Upload the input file from your compüter
Click the Upload File button. However, since we work with large input files it's better to upload the files before you start the analysis (see section on uploading files for details) and load them from the Files tab. That's way faster than having to upload the file each time you want to use it in a tool.
Upload a file from the internet
How to use a file on the internet as input of a tool ? |
---|
Click the Add Path or URL button and provide the URL of the file |
Processing the output of a tool
View the content of a results file
You can view the results of a tool in your browser
How to view the results of a tool ? |
---|
When a tool has finished output files are generated at the bottom of the page. Click the name of the output file.
Output files that are not saved in the uploads folder are stored 7 days on the server and are visible via the Jobs tab. So if you want to store the output of a tool that ran a few days ago, go to the Jobs tab and click the name of the output file.
Select Open Link
|
Store the output of a tool on the Files tab
You can store the output of a tool in your uploads folder so that you can use as input for other tools later on.
How to store the output of a file in the uploads folder on the Files tab ? |
---|
When a tool has finished output files are generated at the bottom of the page. Click the name of the output file.
Output files that are not saved in the uploads folder are stored 7 days on the server and are visible via the Jobs tab. So if you want to store the output of a tool that ran a few days ago, go to the Jobs tab and click the name of the output file.
Select Copy to Files Tab
|
Save the results file to your computer
How to store the output of a file on your computer ? |
---|
When a tool has finished output files are generated at the bottom of the page. Click the name of the output file.
Output files that are not saved in the uploads folder are stored 7 days on the server and are visible via the Jobs tab. So if you want to store the output of a tool that ran a few days ago, go to the Jobs tab and click the name of the output file.
Select Save File
|
Identification of DE genes in R
See this page for the workflow in R.
The training
Aims of the RNA-Seq analysis training
Use publicly available Illumina RNA-Seq data to:
- Walk through a complete analysis workflow including read QC, read mapping to the human hg19 genome, and counting the reads mapping to each human transcript.
- Perform differential expression analysis using popular Bioconductor tools and obtain data ready for functional analysis and biological interpretation.
The skills acquired during this session should allow reproduction of the workflow.
Not covered during this training
This RNA-Seq training will fit the needs of scientists who wish to compare experimental conditions to identify differentially expressed genes. Other RNA-Seq applications including the analysis of gene regulation at the chromatin level, by ncRNA or miRNA are not covered here.

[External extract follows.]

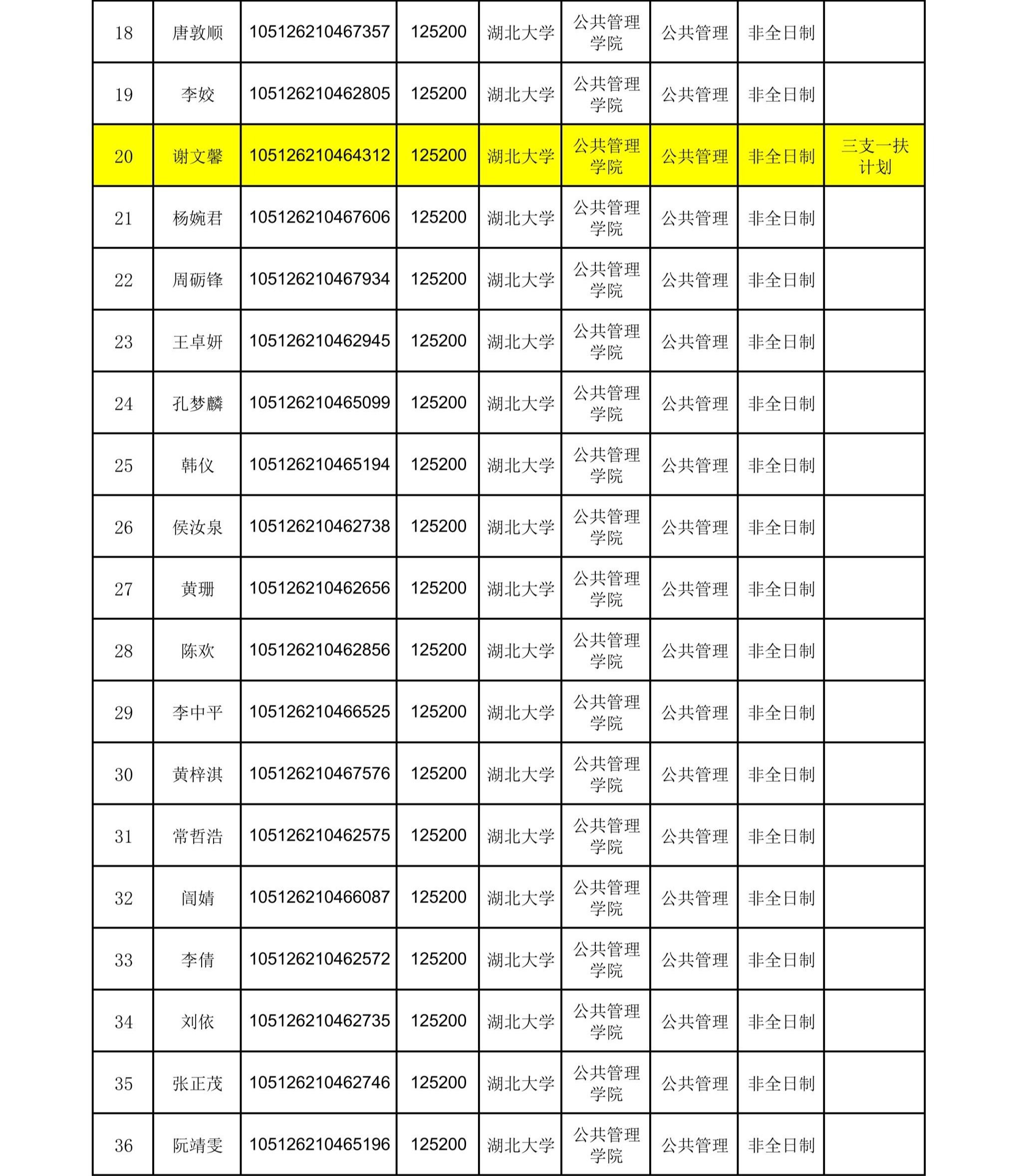 湖北大学公共管理学院2026年MPA研究生复试名单
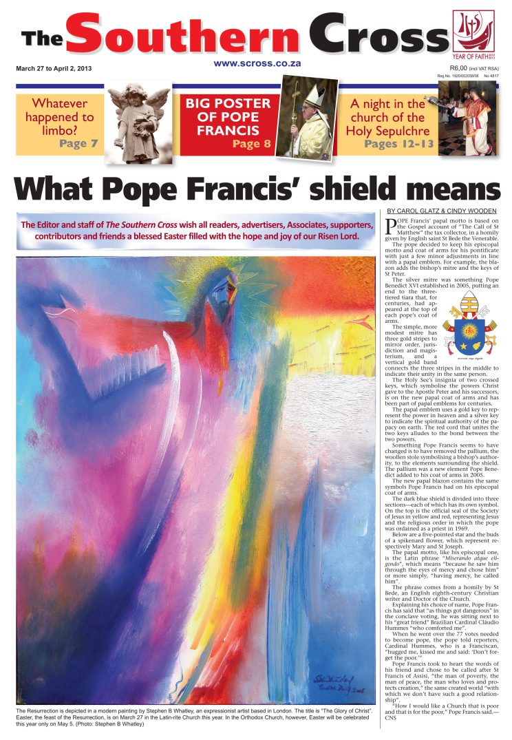 The newly-elected Pope Francis has decided to keep his episcopal motto and coat of arms for his pontificate, with just a few minor adjustments in line with a papal emblem. His motto is “Miserando atque eligendo”, which means, “Because he saw him through the eyes of mercy and chose him”.

- This protocol is not valid to analyze time series experiments
- This protocol is not valid for dose response analysis
- This protocol is not valid to analyze survival effects associated with gene expression
- This protocol does not de-novo assemble reads but instead maps reads to a known reference (it is therefore not applicable to organisms for which no transcriptome is available)

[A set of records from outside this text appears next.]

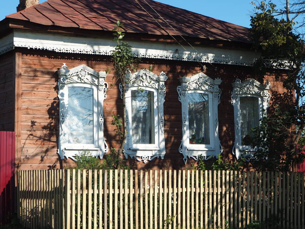 Выдался удачный солнечный денек и с большим удовольствиям побродила по улицам поселка, полюбовалась на резные окна домов.
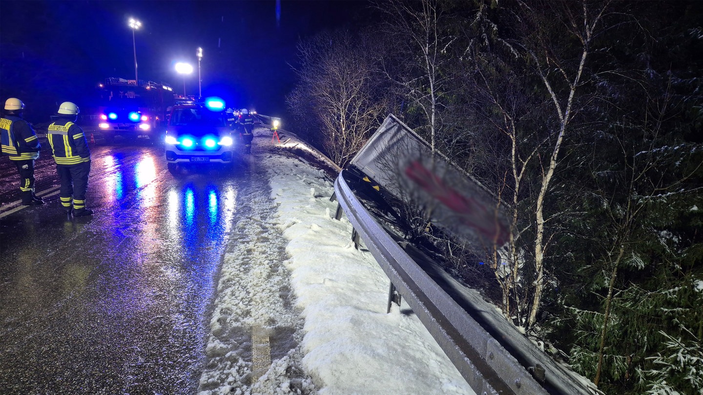 Lastwagen durchbricht Leitplanke bei Titisee-Neustadt
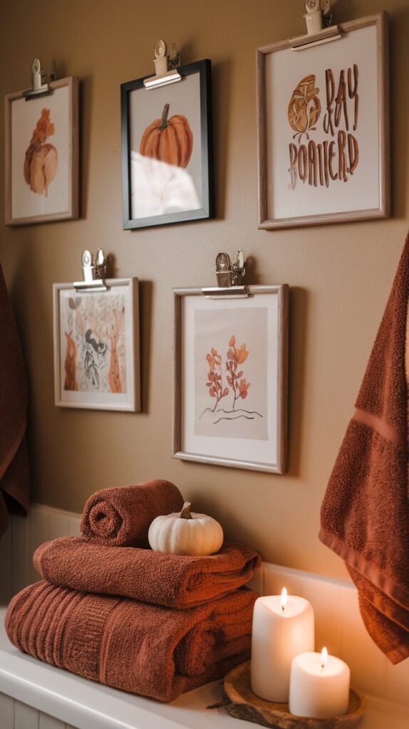 Want your bathroom to always feel fresh? Rotating your artwork by season is a simple solution. Think floral prints in spring, beachy themes in summer, warm-toned abstracts in fall, and cozy holiday art in winter.

- Although this workflow uses transcript information during the mapping, this protocol does not consider splice variants and maps all reads to gene models
- The training stops with the definition of differentially expressed genes and does not include downstream processing of the results at the functional level. For this, please refer to follow-up sessions covering the use of Ingenuity Pathway Analysis or related tools.
Prerequisites
Skills required to follow this training:
- Basic knowledge of human genome and transcriptome structure
- Basic knowledge of Illumina NGS read structure
All attendees who lack knowledge about Illumina reads should follow the preliminary one day 'Introduction to the analysis of NGS data' training ([1]).